Alan Hope was born in Liverpool in 1909 and attended Liverpool University School of Architecture for five years, graduating in 1932. In his President’s inaugural address to the Architectural Association of Ireland in 1952, he described the architecture course as he knew it: ‘I was trained in the rather rigidly classical school of architecture at Liverpool where we did the orders and the Renaissance and so had an answer to all design… I’ve no regret having the training I had, though perhaps with a different course I should not have been so long in freeing myself of the incubus of the Renaissance – then the acme of all great architecture’. After qualifying he came to Ireland where he worked in the office of Vincent Kelly and, from 1934, that of Frederick Hicks whose practice he continued after Hicks retired in 1945.

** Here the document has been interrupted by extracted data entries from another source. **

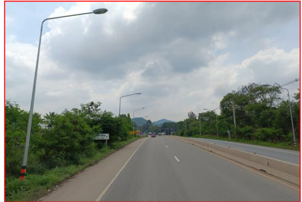
กม.ที่ ๔+๔๐๐ RT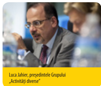
Luca Jahier, președintele Grupului „Activități diverse”

La treizeci de ani de la definirea conceptului de dezvoltare durabilă, viitorul nostru comun este pus efectiv în pericol. Într-un moment în care alții își reneagă angajamentele, este imperativ ca UE să își mențină dinamica, asumându-și schimbarea , accelerându-i ritmul și investind în ea. Momentul este prielnic pentru un angajament pe termen lung, spre a asigura tranziția la o economie favorabilă incluziunii, echitabilă, rezilientă, cu emisii scăzute de dioxid de carbon, circulară și colaborativă. A venit vremea ca liderii politici să regândească modelele noastre de creștere economică și să îmbunătățească calitatea vieții cetățenilor. Acum trebuie găsit un echilibru între prosperitatea economică, inovare, incluziunea socială, participarea democratică și durabilitatea mediului, în interiorul frontierelor noastre globale.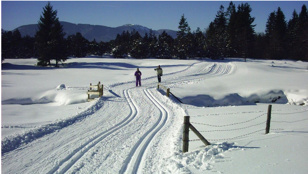
Langlaufloipe Seenrunde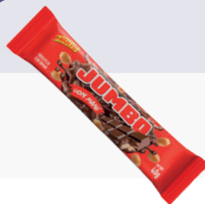
JUMBO MANÍ *24 DISP. *24 UNI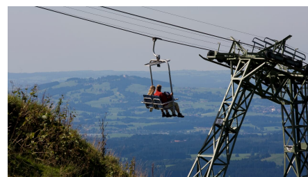
Hoernlelift mit Alpenvorland1.jpg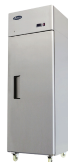
Accesos Directos de Montaje Superior (MBF8001)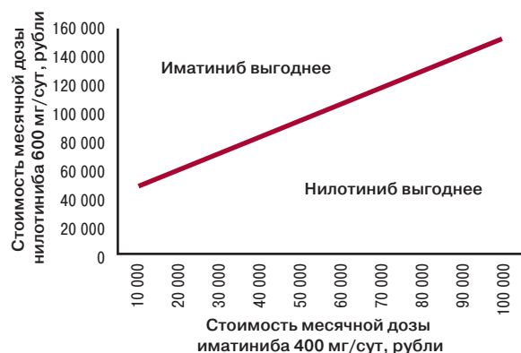
Рис. 4. Пороговые значения стоимости для экономической выгоды нилотиниба и иматиниба в первой линии терапии ХМЛ

Данные, получаемые в реальной клинической практике, как правило, отличаются от результатов клинических исследований. Использование таких данных, как входные параметры в представленных моделях, позволит прогнози-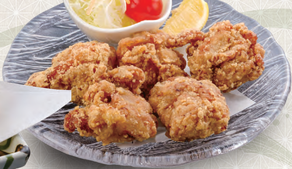
特製唐揚げ 大(10個) 並(5個) 小(2個) 1,180 税込 円 680 税込 円 280 税込 円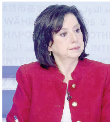
La vocera del FMI, Julie Kozack.

En abril, luego del anuncio de la aprobación de la revisión por parte del staff técnico, el Fondo destacó, en un comunicado, que como resultado de las medidas acordadas y previamente mencionadas, "las compras de divisas del banco central superaron los USD 5.500 millones en lo que va del año", lo que permitió una mejora en la capacidad del país para "gestionar shocks". El comunicado puntualizó que la Argentina seguía resistiendo bien los efectos derivados de la guerra en Medio Oriente, dados los avances en sus fundamentos y su condición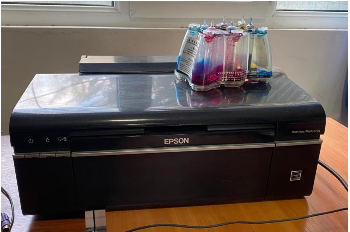
Сүрөт 9. Түстүү принтер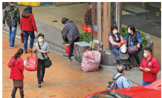
●街頭籌款活動「無王管」。

由於在街頭籌款活動中，市民若捐款10元，最終七除八扣後可能只有兩三元真正用於受助者身上。受訪者被問及若每捐出10元，至少應有多少捐款應用在受助者身上時，約83.3%受訪者認為至少應要有8元，更有37%受訪者認為應將所有捐款用於受助人之上，接受不足5元者僅得5.21%。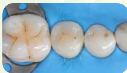
Restauravimas su Essentia LoFlo Universal

Hope certainly broke free from the rigid classicism of his training when he designed a new factory for Aspro (Ireland) Limited at the junction of the Naas and Kylemore Roads in Inchicore, Dublin. As presented in this perspective drawing, a fairly standard factory building (just visible on the right ), where aspirin would be manufactured, was to be fronted by a white-rendered, flat-roofed, administration block, its Modernist credentials visible in the bands of horizontal glazing, the curved double-height entrance, and the glazed tower bearing the factory name.
When completed in 1949, the Aspro Factory was very close to the design set out in this sketch. Only the glazed tower was omitted. The name was spelled out instead in letters perched on the parapet of the administration wing. The factory won Hope the RIAI Triennial Gold Medal for the period 1947-1949. This accolade was not enough to save the building however, and it was demolished in 1988.